Gilberto Carvalho confessa em entrevista à Folha que cometeu crime de responsabilidade; pode ser denunciado por qualquer cidadão, perder a função e ter cassados seus direitos políticos por cinco anos

Há muito tempo, talvez há muitos anos, a imprensa brasileira não publicava uma informação tão importante como a que está na Folha de hoje e foi tornada pública ontem à tarde, quando a Folha Online a colocou no ar. Gilberto Carvalho, secretário-geral da Presidência, esteve no ninho dos black blocs. Ele próprio contou isso à […]

Por Reinaldo Azevedo Atualizado em 31 jul 2020, 03h37 - Publicado em 24 jun 2014, 07h45
Carvalho na mesa com o MST: esse é seu lado, digamos, moderado. Ele fez coisa bem pior...

Carvalho na mesa com o MST: esse é seu lado, digamos, moderado. Ele fez coisa bem pior…

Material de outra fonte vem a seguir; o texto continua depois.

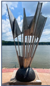
5 Stainless River Marker Skip Willits - Camanche, IA Purchase price: $7,000

The form is generated from starlight, the materials from stardust, and the shiny stainless steel creates scintillating reflections from our nearest star, the sun. FROM_ORION is a bright sculpture generated from star data, mathematically transformed into a sculpture about a tiny place in a vast universe. A shape that is an accurate three dimensional map of the constellation Orion...pointing directly towards earth.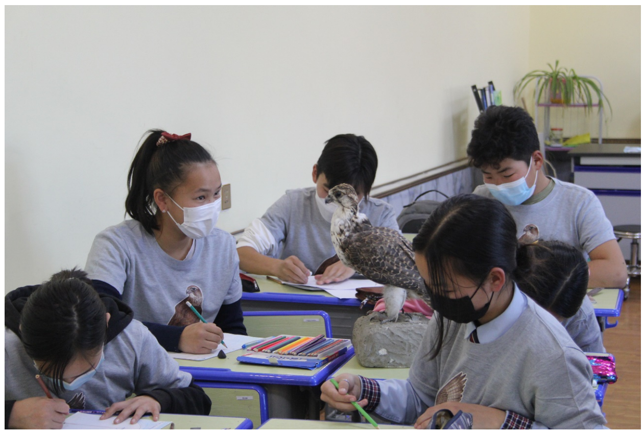
Figure 6. All students have participated in "Hand Drawing" competition.

Há muito tempo, talvez há muitos anos, a imprensa brasileira não publicava uma informação tão importante como a que está na Folha de hoje e foi tornada pública ontem à tarde, quando a Folha Online a colocou no ar. Gilberto Carvalho, secretário-geral da Presidência, esteve no ninho dos black blocs. Ele próprio contou isso à repórter Natuza Nery. Na segunda, o jornal trouxe uma entrevista com o chefão petista — na prática, o mais poderoso no PT depois de Lula. Ele dizia que os xingamentos e vaias a Dilma não partiram só da elite branca de São Paulo — claro que não! Mas aí não havia novidade. Repetia a uma jornalista séria o que já havia dito a gente cuja seriedade é regulada pelo caixa. A revelação de que esteve com os black blocs? Bem, esta, sim, é inédita. E, segundo os meus valores ao menos — e, creio, os de milhões de pessoas —, escandalosa e imoral. Nota-se, no entanto, por sua fala, que ele parece se orgulhar de seu feito. Sua percepção indecorosa da realidade está em cada palavra, em cada linha, em cada detalhe.

O que Carvalho queria com a turma do quebra-quebra? Segundo ele, conversar para fazer um “diagnóstico”. Ah, bom. O ministro se refere ao grupo segundo o jargão dos baderneiros, chamando-os de “partidários da tática ‘black bloc’”. Tática? Quem tem tática tem também uma estratégia. O método dos arruaceiros é quebrar tudo. O objetivo, eles já deixaram claro, é mudar o poder. Logo, Carvalho está admitindo, por imposição da lógica, que ele reconhece a prática como legítima, embora diga discordar dela. E o faz em tom professoral. Nas reuniões com os mascarados — que certamente estavam de cara limpa quando falaram com o ministro —, o petista tentou convencê-los de que a violência só os isolava. Coitadinhos! O professor Carvalho queria ser didático.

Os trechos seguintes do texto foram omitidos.